» **Goal of the exercise**
Starting at the line below holding "ラグドールの男の子と暮らして" and stopping at the line holding "The game play", print every line exactly, both ends included, and leave the rest out.

» **Input**
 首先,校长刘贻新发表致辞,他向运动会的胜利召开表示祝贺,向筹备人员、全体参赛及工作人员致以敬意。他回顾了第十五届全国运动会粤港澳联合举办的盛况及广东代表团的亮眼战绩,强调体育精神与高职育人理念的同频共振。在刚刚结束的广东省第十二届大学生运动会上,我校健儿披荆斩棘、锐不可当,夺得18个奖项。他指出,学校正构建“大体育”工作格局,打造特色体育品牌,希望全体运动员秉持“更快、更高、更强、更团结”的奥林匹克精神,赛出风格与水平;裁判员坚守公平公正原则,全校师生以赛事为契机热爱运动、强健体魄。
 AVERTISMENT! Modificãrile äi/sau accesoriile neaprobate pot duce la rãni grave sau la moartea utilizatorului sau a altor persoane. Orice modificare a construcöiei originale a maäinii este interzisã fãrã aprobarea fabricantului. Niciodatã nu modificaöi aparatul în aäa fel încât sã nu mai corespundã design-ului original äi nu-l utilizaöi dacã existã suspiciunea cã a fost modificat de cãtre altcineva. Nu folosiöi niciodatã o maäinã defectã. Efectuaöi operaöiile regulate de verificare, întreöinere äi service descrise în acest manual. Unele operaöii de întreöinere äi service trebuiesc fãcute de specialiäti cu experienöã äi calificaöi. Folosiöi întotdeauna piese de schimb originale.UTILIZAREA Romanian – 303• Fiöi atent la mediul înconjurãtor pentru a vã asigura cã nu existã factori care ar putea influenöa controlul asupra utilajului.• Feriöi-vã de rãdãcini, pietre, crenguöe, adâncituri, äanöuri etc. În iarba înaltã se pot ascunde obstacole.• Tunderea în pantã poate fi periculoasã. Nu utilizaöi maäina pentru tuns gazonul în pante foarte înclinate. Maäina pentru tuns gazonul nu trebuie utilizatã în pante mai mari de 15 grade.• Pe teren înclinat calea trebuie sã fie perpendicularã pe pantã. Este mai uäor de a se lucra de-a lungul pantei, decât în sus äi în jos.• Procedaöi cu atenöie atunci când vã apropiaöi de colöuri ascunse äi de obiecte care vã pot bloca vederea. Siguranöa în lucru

--

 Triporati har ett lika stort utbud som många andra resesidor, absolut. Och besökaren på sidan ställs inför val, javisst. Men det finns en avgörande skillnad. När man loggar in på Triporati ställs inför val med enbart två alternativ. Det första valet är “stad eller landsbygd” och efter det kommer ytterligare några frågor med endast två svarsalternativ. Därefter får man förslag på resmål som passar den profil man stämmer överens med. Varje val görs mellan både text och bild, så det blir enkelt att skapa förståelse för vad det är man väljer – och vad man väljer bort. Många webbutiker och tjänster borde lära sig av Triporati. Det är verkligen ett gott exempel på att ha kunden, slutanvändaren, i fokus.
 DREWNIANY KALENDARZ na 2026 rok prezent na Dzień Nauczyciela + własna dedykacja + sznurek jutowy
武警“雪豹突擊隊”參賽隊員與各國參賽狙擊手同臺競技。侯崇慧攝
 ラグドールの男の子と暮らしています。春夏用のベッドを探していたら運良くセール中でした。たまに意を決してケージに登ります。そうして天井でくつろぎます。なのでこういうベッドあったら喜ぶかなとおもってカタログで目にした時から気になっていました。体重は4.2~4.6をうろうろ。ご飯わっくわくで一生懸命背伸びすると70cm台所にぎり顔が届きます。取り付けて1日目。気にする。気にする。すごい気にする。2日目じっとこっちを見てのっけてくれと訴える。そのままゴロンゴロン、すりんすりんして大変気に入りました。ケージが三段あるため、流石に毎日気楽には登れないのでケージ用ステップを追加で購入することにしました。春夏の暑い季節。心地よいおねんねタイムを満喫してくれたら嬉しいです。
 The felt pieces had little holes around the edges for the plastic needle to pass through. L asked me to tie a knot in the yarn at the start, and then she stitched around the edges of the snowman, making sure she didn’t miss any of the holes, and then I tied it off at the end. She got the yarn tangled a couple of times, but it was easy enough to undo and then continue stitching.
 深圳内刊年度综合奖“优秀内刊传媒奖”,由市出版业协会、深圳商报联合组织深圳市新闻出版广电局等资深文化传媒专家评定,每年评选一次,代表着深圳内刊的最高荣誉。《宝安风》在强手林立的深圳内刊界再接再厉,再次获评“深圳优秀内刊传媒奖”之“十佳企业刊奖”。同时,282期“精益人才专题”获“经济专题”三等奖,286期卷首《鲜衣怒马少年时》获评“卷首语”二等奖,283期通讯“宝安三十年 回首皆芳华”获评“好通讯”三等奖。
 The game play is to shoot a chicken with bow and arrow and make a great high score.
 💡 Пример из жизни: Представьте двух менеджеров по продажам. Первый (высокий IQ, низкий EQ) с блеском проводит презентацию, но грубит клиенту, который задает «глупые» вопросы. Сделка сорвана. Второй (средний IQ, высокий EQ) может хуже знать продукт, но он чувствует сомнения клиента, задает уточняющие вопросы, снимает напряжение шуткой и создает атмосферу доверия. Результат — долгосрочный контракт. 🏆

» **Response area**
 ラグドールの男の子と暮らしています。春夏用のベッドを探していたら運良くセール中でした。たまに意を決してケージに登ります。そうして天井でくつろぎます。なのでこういうベッドあったら喜ぶかなとおもってカタログで目にした時から気になっていました。体重は4.2~4.6をうろうろ。ご飯わっくわくで一生懸命背伸びすると70cm台所にぎり顔が届きます。取り付けて1日目。気にする。気にする。すごい気にする。2日目じっとこっちを見てのっけてくれと訴える。そのままゴロンゴロン、すりんすりんして大変気に入りました。ケージが三段あるため、流石に毎日気楽には登れないのでケージ用ステップを追加で購入することにしました。春夏の暑い季節。心地よいおねんねタイムを満喫してくれたら嬉しいです。
 The felt pieces had little holes around the edges for the plastic needle to pass through. L asked me to tie a knot in the yarn at the start, and then she stitched around the edges of the snowman, making sure she didn’t miss any of the holes, and then I tied it off at the end. She got the yarn tangled a couple of times, but it was easy enough to undo and then continue stitching.
 深圳内刊年度综合奖“优秀内刊传媒奖”,由市出版业协会、深圳商报联合组织深圳市新闻出版广电局等资深文化传媒专家评定,每年评选一次,代表着深圳内刊的最高荣誉。《宝安风》在强手林立的深圳内刊界再接再厉,再次获评“深圳优秀内刊传媒奖”之“十佳企业刊奖”。同时,282期“精益人才专题”获“经济专题”三等奖,286期卷首《鲜衣怒马少年时》获评“卷首语”二等奖,283期通讯“宝安三十年 回首皆芳华”获评“好通讯”三等奖。
 The game play is to shoot a chicken with bow and arrow and make a great high score.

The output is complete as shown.